The survey instruments were quite lengthy, which could have contributed to respondent fatigue. When the IPPE assignment was introduced to the students, the survey instruments were discussed and students knew responses would be reviewed. As with any reflective assignment, there is risk that some students put forth more effort than others, potentially influencing the results. Reasons for nonadherence were collected qualitatively to allow students to identify nonadherence without guidance, but this method limited their ability to respond to all cited reasons for nonadherence and contributed to a wide variation in the number and depth of responses.
As is true for all colleges and schools of pharmacy, the amount and quality of each student’s previous pharmacy experiences is variable upon entrance into the professional program. Designing early experiences suitable for all students in the early phases of the core curriculum is challenging but important to achieving a level playing field as students progress to the next level of IPPEs.
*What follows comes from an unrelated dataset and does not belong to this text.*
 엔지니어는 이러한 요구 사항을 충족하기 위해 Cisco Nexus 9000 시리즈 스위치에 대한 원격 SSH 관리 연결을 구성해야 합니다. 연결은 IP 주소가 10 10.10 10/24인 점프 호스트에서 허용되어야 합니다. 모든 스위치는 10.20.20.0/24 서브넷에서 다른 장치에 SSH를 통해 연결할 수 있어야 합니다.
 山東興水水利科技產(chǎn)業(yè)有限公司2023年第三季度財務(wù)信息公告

The placement of this experience so early in the curriculum also may have contributed to the wide differences seen in the depth and breadth of the student responses.
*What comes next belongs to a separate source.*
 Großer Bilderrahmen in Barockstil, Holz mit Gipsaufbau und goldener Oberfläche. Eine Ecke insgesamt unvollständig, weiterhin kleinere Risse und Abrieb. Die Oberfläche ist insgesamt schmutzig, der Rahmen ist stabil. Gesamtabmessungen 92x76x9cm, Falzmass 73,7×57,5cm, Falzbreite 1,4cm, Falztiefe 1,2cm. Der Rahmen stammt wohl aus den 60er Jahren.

Future directions for the assignment include administering a validated empathy questionnaire to better assess changes in empathy from the different assignment components. The instructor also plans to expand the learning objectives based on student responses to questions in survey instrument 3 regarding the “single most important thing you learned.” Clearly, the students learned lessons beyond the stated expectations (Table 5), demonstrating the need to incorporate additional discussion at a higher learning level. Consideration will be given regarding where in the curriculum this topic should be further explored.
SUMMARY
This IPPE using an automated medication dispenser improved student understanding of the concept of medication adherence. Students met the learning objectives of the activity and identified reasons for nonadherence beyond the scope of the objectives. Students explored factors affecting medication adherence and provided patient-centered care, which resulted in the development of empathy for some students (although not significant for the entire class) and improved their confidence in providing patient education.
ACKNOWLEDGEMENT
The authors acknowledge and thank the manufacturer and supplier of the Med-E-Lert Automatic Pill Dispenser for providing a dispenser to each second-year pharmacy student. The ideas expressed in this manuscript are those of the authors and in no way are intended to represent the position of others involved in this activity.